RECORDS FOR PROCESSING
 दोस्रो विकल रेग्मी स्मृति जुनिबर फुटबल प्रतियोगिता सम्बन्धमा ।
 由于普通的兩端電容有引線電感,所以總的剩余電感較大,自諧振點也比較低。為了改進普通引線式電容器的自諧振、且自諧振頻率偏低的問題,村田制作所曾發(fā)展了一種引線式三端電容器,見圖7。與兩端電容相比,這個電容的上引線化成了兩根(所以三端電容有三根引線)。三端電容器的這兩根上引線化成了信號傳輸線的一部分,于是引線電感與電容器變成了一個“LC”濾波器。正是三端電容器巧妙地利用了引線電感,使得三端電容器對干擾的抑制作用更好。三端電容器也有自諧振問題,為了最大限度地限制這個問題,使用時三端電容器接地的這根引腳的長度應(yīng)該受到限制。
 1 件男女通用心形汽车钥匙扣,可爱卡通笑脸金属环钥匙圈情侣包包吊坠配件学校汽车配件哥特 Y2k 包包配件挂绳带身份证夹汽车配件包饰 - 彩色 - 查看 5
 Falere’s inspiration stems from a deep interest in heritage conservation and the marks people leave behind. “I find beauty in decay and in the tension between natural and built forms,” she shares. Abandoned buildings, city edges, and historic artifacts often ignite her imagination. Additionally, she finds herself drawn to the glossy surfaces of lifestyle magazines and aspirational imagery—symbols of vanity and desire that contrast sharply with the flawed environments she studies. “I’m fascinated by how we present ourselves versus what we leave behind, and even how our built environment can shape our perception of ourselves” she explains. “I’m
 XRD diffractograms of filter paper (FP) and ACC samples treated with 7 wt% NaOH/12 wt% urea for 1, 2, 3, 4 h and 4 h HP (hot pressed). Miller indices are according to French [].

---

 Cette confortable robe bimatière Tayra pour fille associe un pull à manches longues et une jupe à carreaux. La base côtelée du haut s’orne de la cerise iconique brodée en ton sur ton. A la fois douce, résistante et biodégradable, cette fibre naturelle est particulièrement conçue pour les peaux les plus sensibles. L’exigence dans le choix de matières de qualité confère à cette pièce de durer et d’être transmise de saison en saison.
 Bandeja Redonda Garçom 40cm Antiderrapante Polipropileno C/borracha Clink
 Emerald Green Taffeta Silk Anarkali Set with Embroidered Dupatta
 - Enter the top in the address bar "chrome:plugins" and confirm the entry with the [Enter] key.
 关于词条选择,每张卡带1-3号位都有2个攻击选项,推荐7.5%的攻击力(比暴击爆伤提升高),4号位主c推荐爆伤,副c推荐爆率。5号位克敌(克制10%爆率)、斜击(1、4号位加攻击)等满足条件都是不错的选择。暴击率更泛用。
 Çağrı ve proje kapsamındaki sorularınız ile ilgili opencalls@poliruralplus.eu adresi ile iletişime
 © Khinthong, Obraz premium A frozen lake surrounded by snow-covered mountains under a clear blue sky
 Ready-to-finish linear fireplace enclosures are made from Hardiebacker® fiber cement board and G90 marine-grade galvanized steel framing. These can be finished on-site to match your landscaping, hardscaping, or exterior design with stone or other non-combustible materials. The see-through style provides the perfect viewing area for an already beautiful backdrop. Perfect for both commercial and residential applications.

* * *

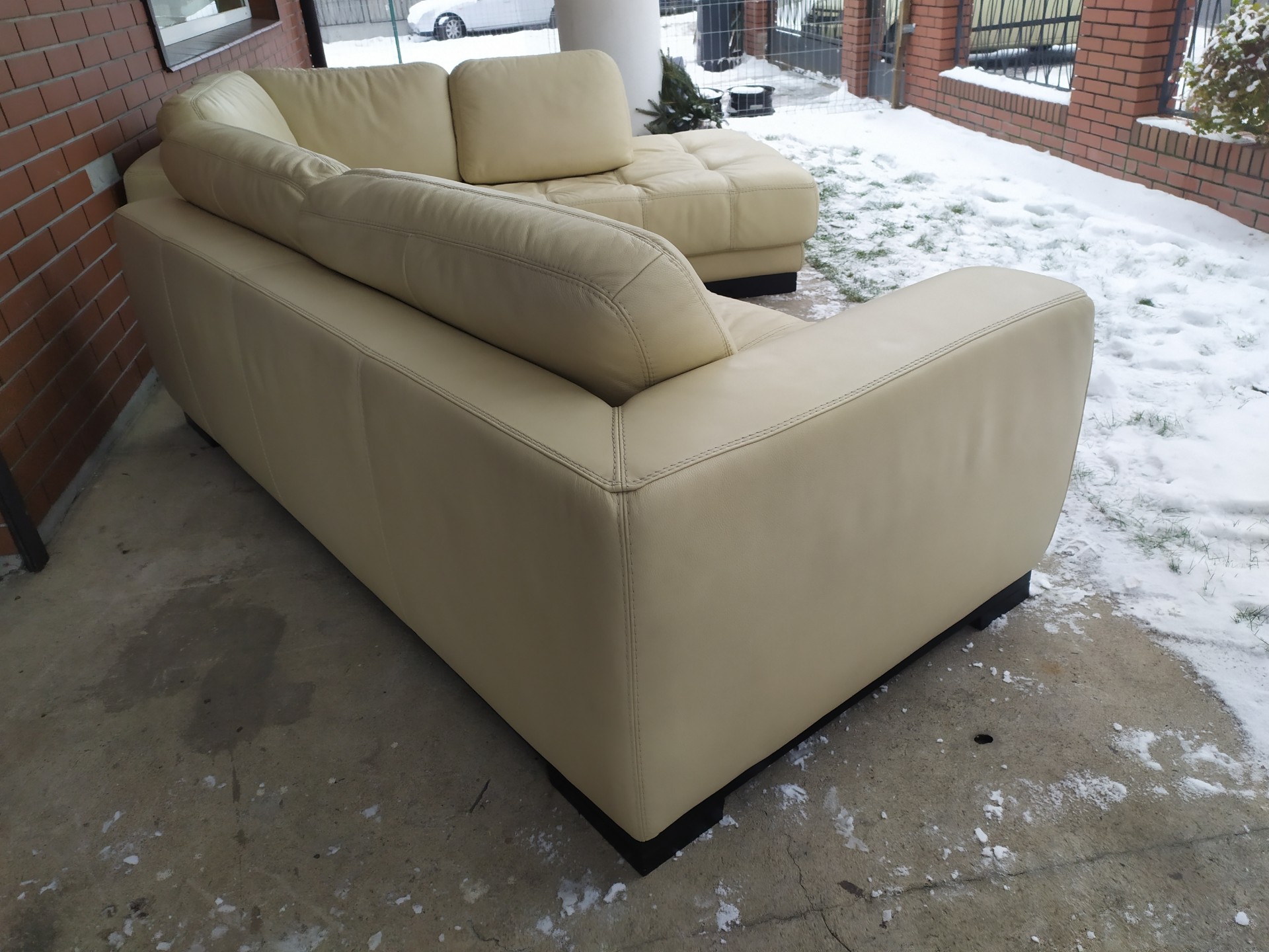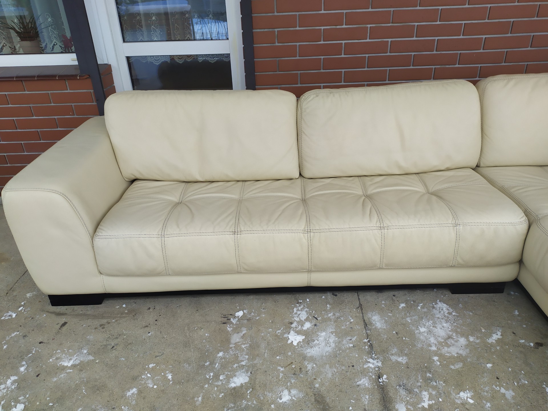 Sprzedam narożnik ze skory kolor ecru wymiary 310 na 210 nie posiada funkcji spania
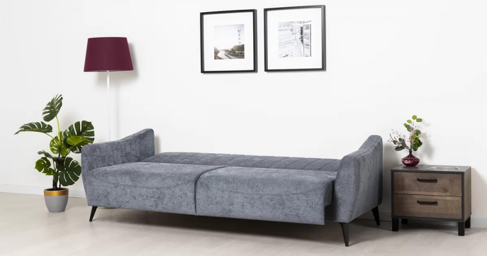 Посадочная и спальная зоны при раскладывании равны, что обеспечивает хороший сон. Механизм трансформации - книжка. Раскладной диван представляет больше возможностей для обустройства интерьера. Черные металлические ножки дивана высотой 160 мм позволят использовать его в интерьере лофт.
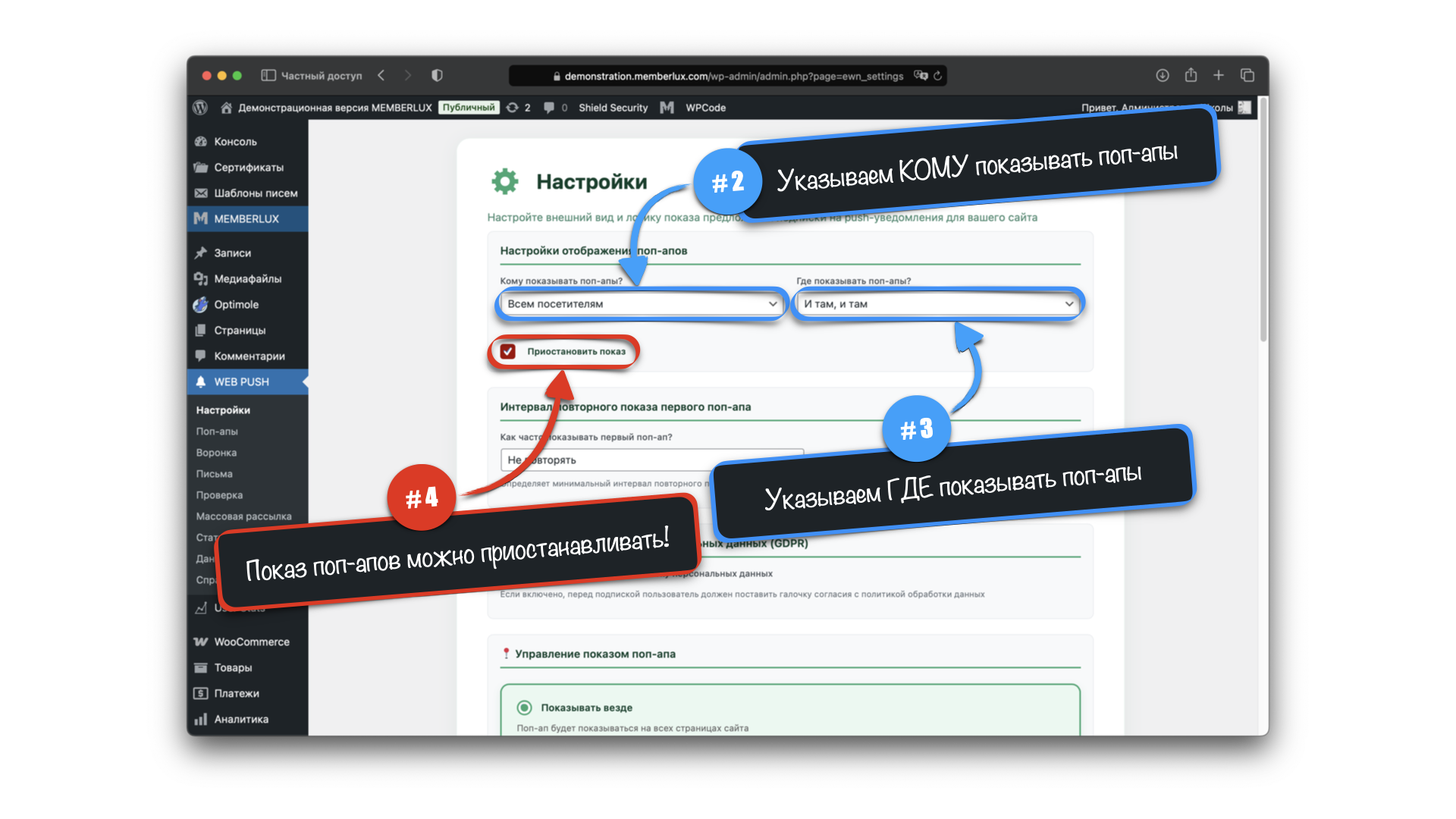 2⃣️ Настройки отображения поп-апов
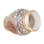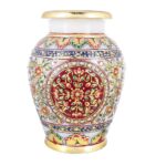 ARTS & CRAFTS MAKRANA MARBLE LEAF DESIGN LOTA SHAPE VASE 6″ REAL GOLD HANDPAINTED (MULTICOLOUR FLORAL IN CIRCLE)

WHAT YOU HAVE TO DO
Return exactly, and only, the lines above starting at the line that contains "दोस्रो विकल रेग्मी" and ending at the line that contains "Falere’s inspiration stems".

ANSWER BOX
 दोस्रो विकल रेग्मी स्मृति जुनिबर फुटबल प्रतियोगिता सम्बन्धमा ।
 由于普通的兩端電容有引線電感,所以總的剩余電感較大,自諧振點也比較低。為了改進普通引線式電容器的自諧振、且自諧振頻率偏低的問題,村田制作所曾發(fā)展了一種引線式三端電容器,見圖7。與兩端電容相比,這個電容的上引線化成了兩根(所以三端電容有三根引線)。三端電容器的這兩根上引線化成了信號傳輸線的一部分,于是引線電感與電容器變成了一個“LC”濾波器。正是三端電容器巧妙地利用了引線電感,使得三端電容器對干擾的抑制作用更好。三端電容器也有自諧振問題,為了最大限度地限制這個問題,使用時三端電容器接地的這根引腳的長度應(yīng)該受到限制。
 1 件男女通用心形汽车钥匙扣,可爱卡通笑脸金属环钥匙圈情侣包包吊坠配件学校汽车配件哥特 Y2k 包包配件挂绳带身份证夹汽车配件包饰 - 彩色 - 查看 5
 Falere’s inspiration stems from a deep interest in heritage conservation and the marks people leave behind. “I find beauty in decay and in the tension between natural and built forms,” she shares. Abandoned buildings, city edges, and historic artifacts often ignite her imagination. Additionally, she finds herself drawn to the glossy surfaces of lifestyle magazines and aspirational imagery—symbols of vanity and desire that contrast sharply with the flawed environments she studies. “I’m fascinated by how we present ourselves versus what we leave behind, and even how our built environment can shape our perception of ourselves” she explains. “I’m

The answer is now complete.